6

I have a generator that creates synthetic data. How can I convert this into a PyTorch dataloader?

Rylan Schaeffer
  • 1,945
  • 2
  • 28
  • 50

2 Answers2

6

You can wrap your generator with a data.IterableDataset:

class IterDataset(data.IterableDataset):
    def __init__(self, generator):
        self.generator = generator

    def __iter__(self):
        return self.generator()

Naturally, you can then wrap this dataset with a data.DataLoader.

Here is a minimal example showing its use:

>>> gen = lambda: [(yield x) for x in range(10)]
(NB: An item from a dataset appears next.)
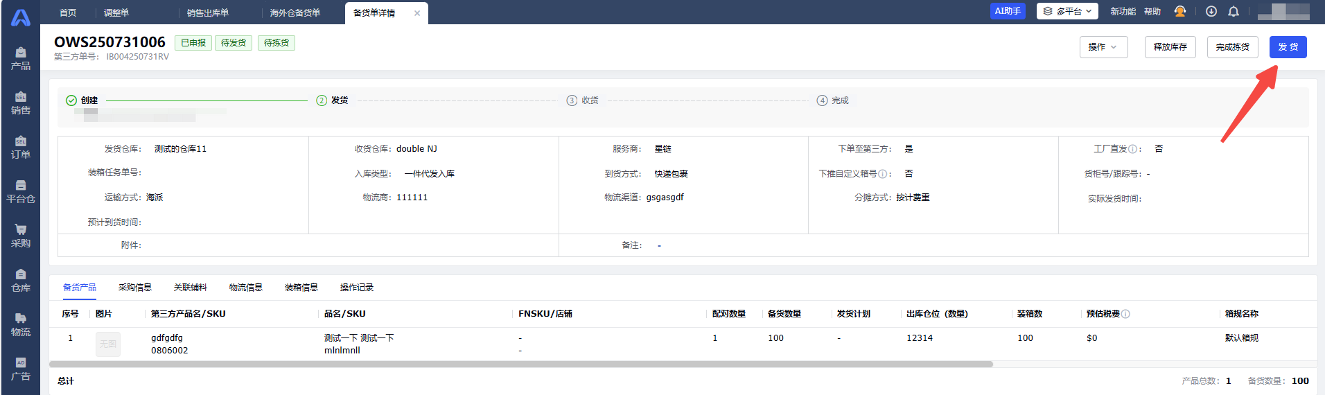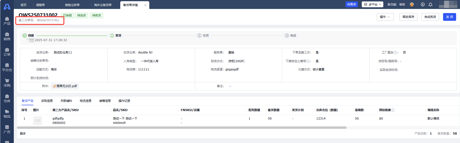 需对备货单进行申报(申报后,领星ERP把备货单传到领星OMS - 入库界面),申报后才可点击发货。点击申报后,左上角的第三方单号,会显示领星OMS的入库单号。

>>> dataset = IterDataset(gen)
>>> for i in data.DataLoader(dataset, batch_size=2):
...    print(i)
tensor([0, 1])
tensor([2, 3])
tensor([4, 5])
tensor([6, 7])
tensor([8, 9])
Ivan
  • 34,531
  • 8
  • 55
  • 100
  • 1
    If I do this with an infinite generator, will the dataset/dataloader have any notion of an epoch? Or will the training loop run forever? – Rylan Schaeffer Aug 09 '22 at 16:27
  • 1
    No it won't have any notion length since `data.IterableDataset` doesn't implement a `__len__` function. – Ivan Aug 09 '22 at 17:37
  • 1
    The proposed solution did not work for me. I get constantly this error: TypeError: 'generator' object is not callable – Basilique Dec 06 '22 at 14:35
  • Did you replicate the code from above? Can you provide your code? – Ivan Dec 06 '22 at 17:01
  • It should be `return self.generator` (without parenthesis) in `__iter__`, otherwise I also get `TypeError: 'generator' object is not callable` – roygbiv Jun 23 '23 at 19:33
3

With the limited information that you provide, this is the simplest solution (I assume that your generator creates images from noise such as the original gans):

import torch

def get_data(batch_size, generator, latent_dim=512):
    z = torch.randn(batch_size, latent_dim)
    return genenerator(z)

def dataloader(batch_size, generator, iteration, latent_dim=512):
    for i in range(iteration):
        yield(get_data(batch_size, generator, latent_dim))

batch_size = 64
generator = GANs(...)
iteration = 100
latent_dim = 512

loader = dataloader(batch_size, generator, iteration, latent_dim)
for images in loader:
    # do something
CuCaRot
  • 1,208
  • 7
  • 23